我正在尝试获取跨行某些列的 mean() 和 sum()。此代码将生成数据集:
library(tidyverse)
test_data <- tibble(part_id = 1:5,
a_1 = c("a", "b", "c", "d", "a"),
a_2 = c("b", NA, "b", "a", "d"),
a_3 = c("b", "b", "d", "d", "a"))
test_data <- test_data %>%
mutate_at(vars(a_1, a_2), .funs = list(scored = ~case_when(
. == "a" | . == "b" ~ 1,
. == "c" ~ 0,
. == "d" ~ -100)))
如果我尝试使用 rowSums() 或 rowMeans(),我会得到正确答案:
library(tidyverse)
test_data <- test_data %>%
mutate(a_total = rowSums(dplyr::select(., contains("scored")), na.rm = TRUE),
a_mean = rowMeans(dplyr::select(., contains("scored")), na.rm = TRUE))
但是,如果尝试使用 rowwise() 后跟 sum() 或 mean(),它不起作用:
library(tidyverse)
test_data <- test_data %>%
rowwise() %>%
mutate(a_total = base::sum(dplyr::select(., contains("scored")), na.rm = TRUE),
a_mean = base::mean(dplyr::select(., contains("scored")), na.rm = TRUE)) %>%
ungroup()
对于 sum(),它给出了总和,有效地忽略了 rowwise(),对于 mean(),所有答案都是 NA,我对每一行都收到以下警告:
Warning messages:
1: In mean.default(dplyr::select(., contains("scored")), na.rm = TRUE) :
argument is not numeric or logical: returning NA
我还尝试通过包含 c() 函数进行此修改,就像您要列出每一列一样。

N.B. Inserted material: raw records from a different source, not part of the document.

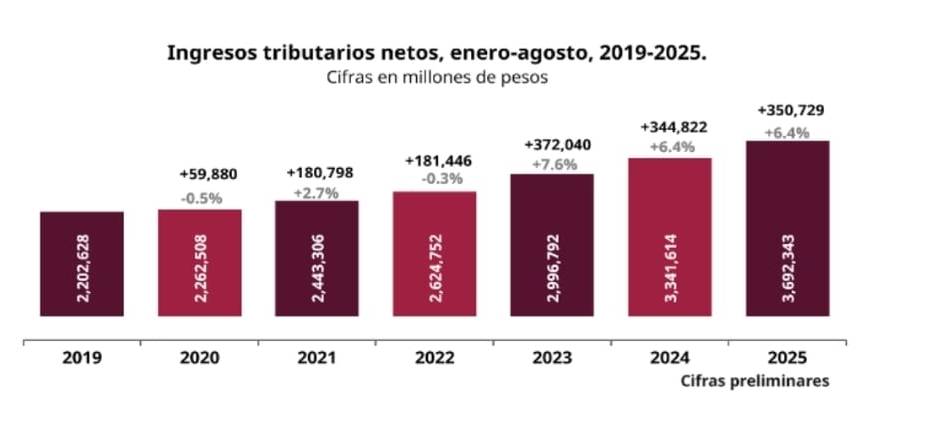 Esta cifra implica un incremento nominal de 350 mil 729 millones de pesos, con lo que se consolida la recaudación tributaria, al superar lo programado para este periodo en la Ley de Ingresos de la Federación 2025, con un cumplimiento de 102.3 por ciento.
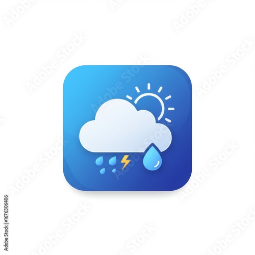 Weather App Icon Featuring Cloud Rain Sun and Lightning on Blue Square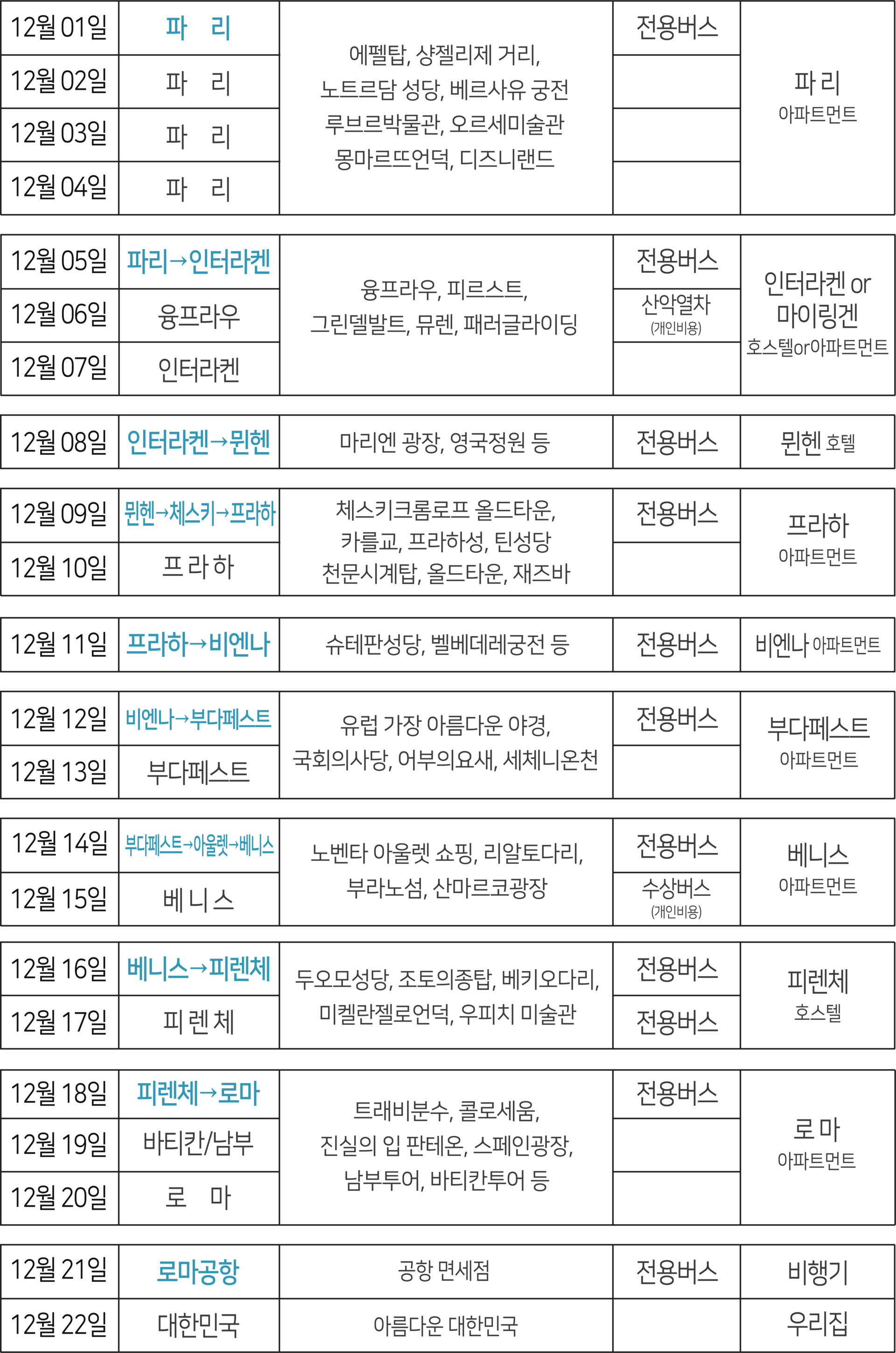 또한 패키지여행처럼 도시이동은 버스로 안전하고 편하게,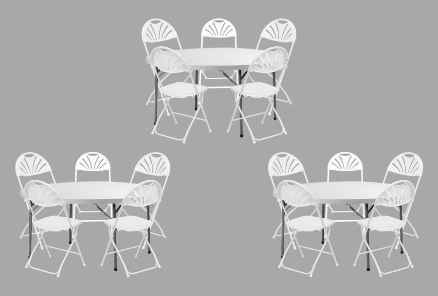 Our chair rental service is designed to provide you with high-quality seating solutions that cater to any event size. With our 3 Round and 15 White Fanback Chairs package, you get: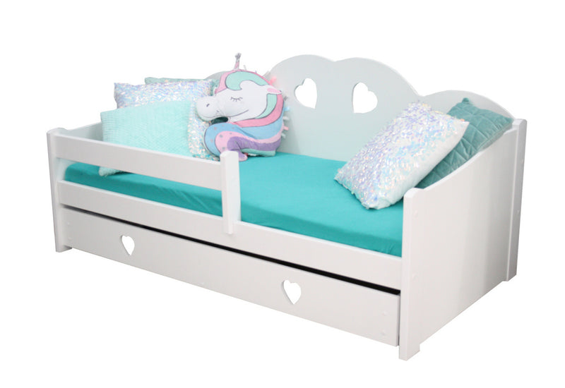Detská posteľ TASHA. Moderná posteľ do detskej izby, zdobená srdiečkami. Vyrobená je z masívneho borovicového dreva v kombinácii s kvalitnou MDF doskou, zaistí tak stabilitu a pevnosť. Súčasťou detskej postele je zábrana a rošt. V spodnej časti postele nájdete úložný priestor v podobe zásuvky, ktorá je opatrená úchytmi v tvare srdiečok.pre ľahké otváranie.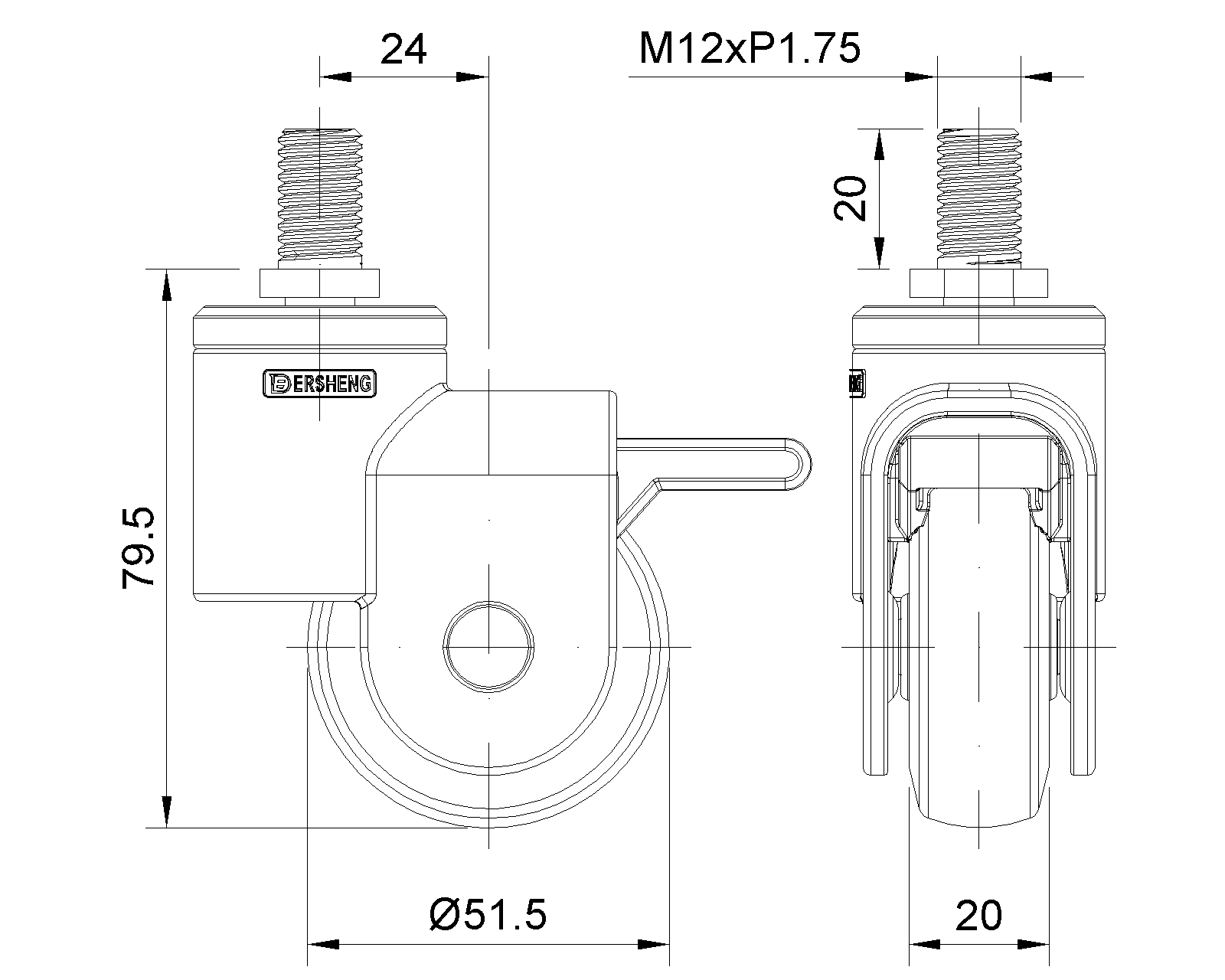 | Bánh xe khóa đơn, phanh đơn, ren M12x20.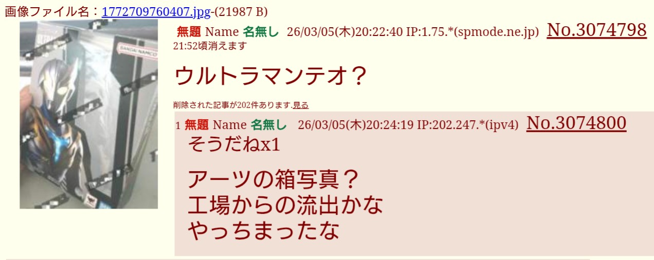 | … | 1無題Name名無し 26/03/20(金)13:41:18 IP:1.75.*(spmode.ne.jp)No.3079690そうだねx1最初に青いウルトラマンとかのバレ投下した人が認めてるので確定かと |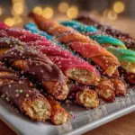 These colorful lightsaber pretzel rods are a fun, crunchy, and sweet snack perfect for kids and parties. They are easy to make with simple ingredients and customizable candy melt colors and sprinkles.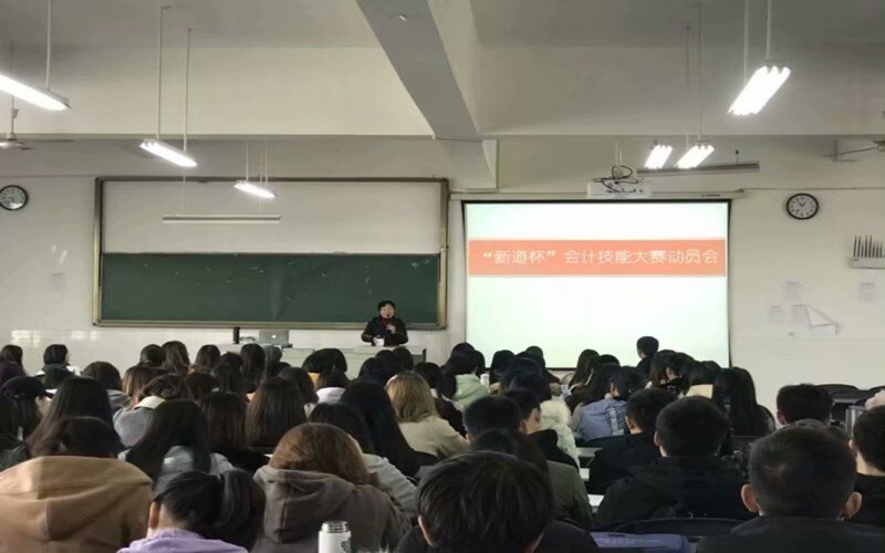 会议伊始,卢淑梅提到了当今财经专业的现状和发展趋势,她希望财经学子们能够积极参加各种比赛,抓住锻炼自己、提升自己和展示自己的机会。在比赛中收获知识,总结经验,不断进步。随后,马丽蓉上台向同学们详细的介绍了“新道杯”会计技能大赛的情况及大赛规则。会计技能大赛是化理论知识为实践运用的比赛,也是提升自己专业水平,提高毕业含金量的一次机会。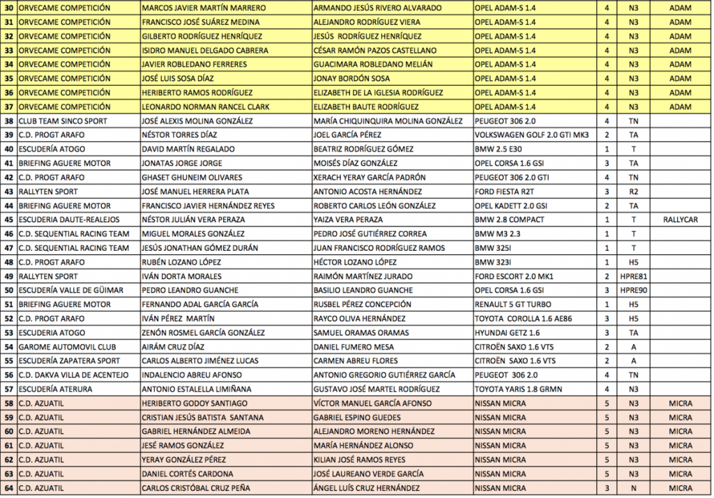 Cabe también recordar que esta cita del Campeonato de Canarias de Rallyes es tanto velocidad como Regularidad Sport, así como las Copas Monomarca Copa Adam, Nissan Micra; Copas 1.6, Challenge Rallycar, Pirelli, Hankook y Michelin.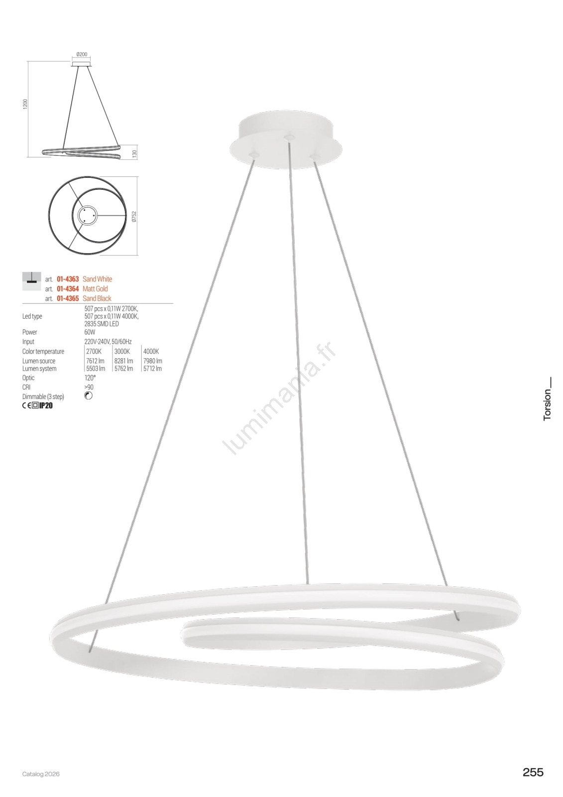 • Redo 01-4364 - Suspension LED dimmable sur câble TORSION LED/60W/230V 2700/3000/4000K IRC 90 Ø 75,2 cm doré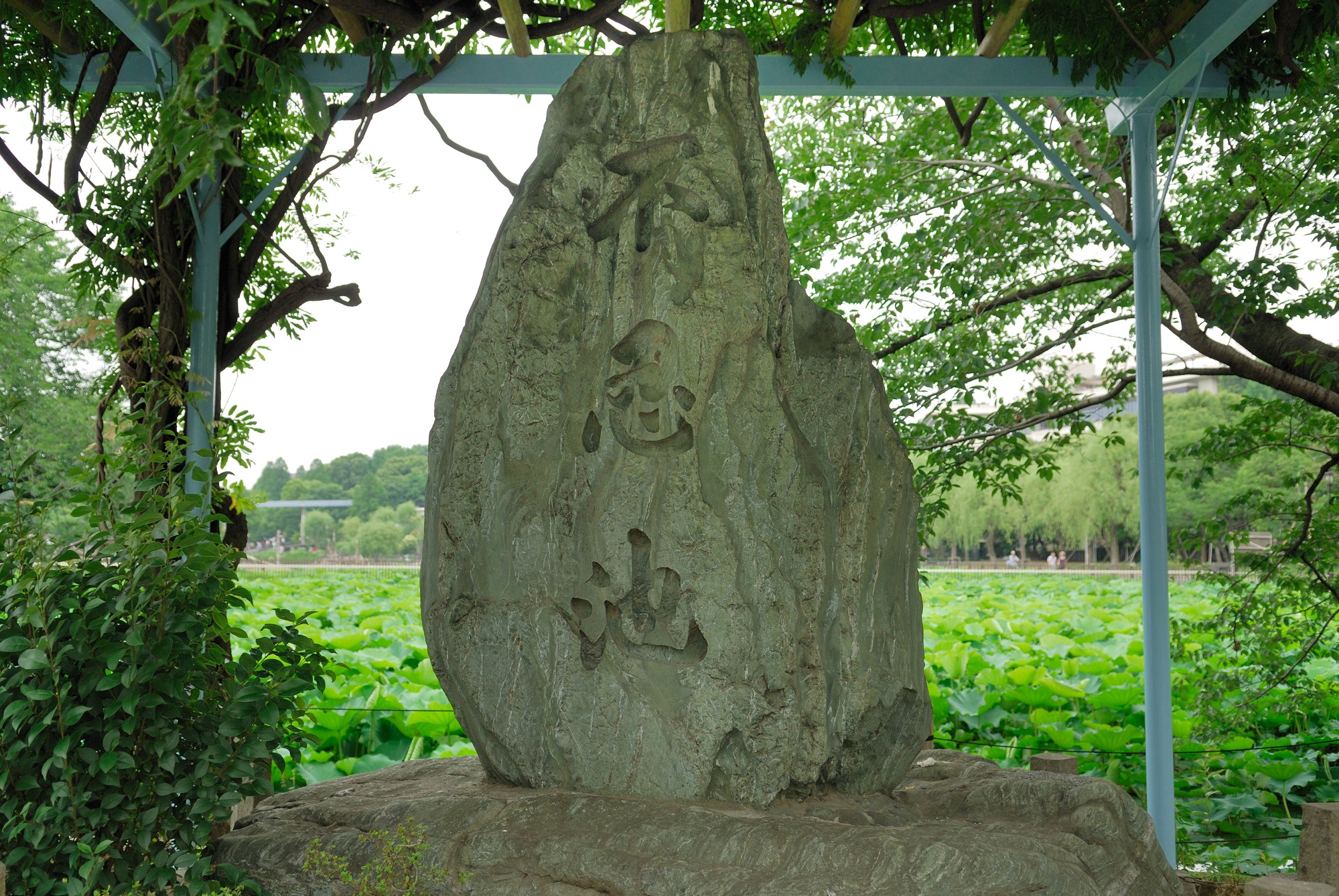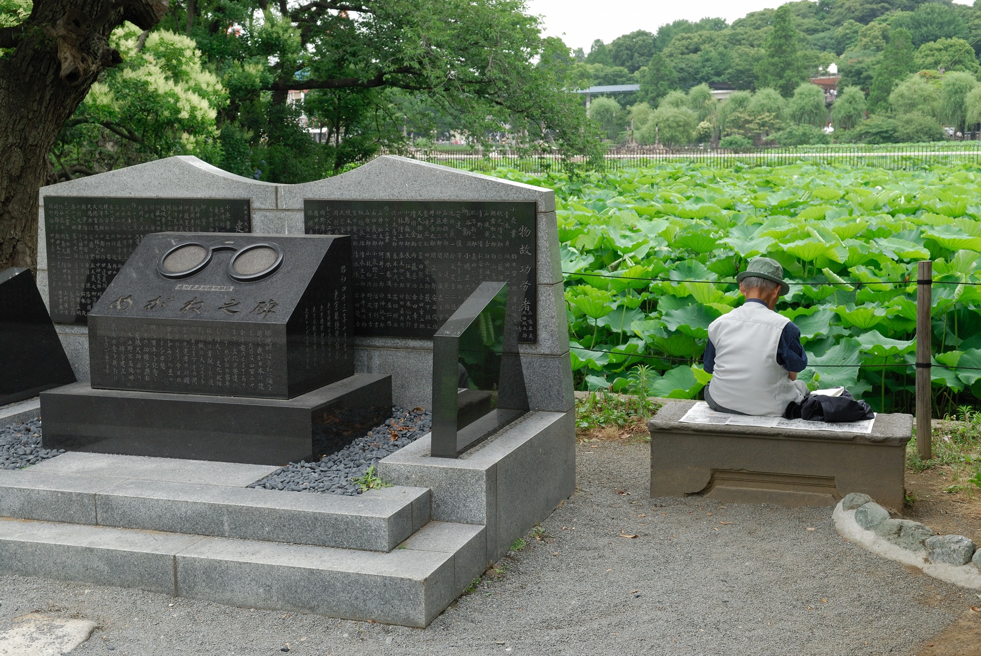 屋台の前を通り過ぎておくに歩くと,不忍池と書かれた石碑がありました。これは初めて見ましたが,こんな石碑があったのですね。その隣には,めがねの碑というのがあり,その脇には年配の男性がたそがれてて座っていました。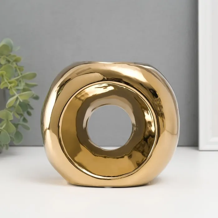 Подсвечник керамика на 1 свечу «Кольцо», d=6 см, золото, 16×8×14 см — Характеристики

这导致了以下错误:
library(tidyverse)
test_data <- test_data %>%
rowwise() %>%
mutate(a_total = base::sum(c(dplyr::select(., contains("scored"))), na.rm = TRUE),
a_mean = base::mean(c(dplyr::select(., contains("scored"))), na.rm = TRUE)) %>%
ungroup()
Error in base::sum(c(dplyr::select(., contains("scored"))), na.rm = TRUE) :
invalid 'type' (list) of argument
如何使用 rowwise() 完成这项工作?为什么它的行为与典型的和 rowSums() 或 rowMeans() 如此不同?
我很感激任何见解!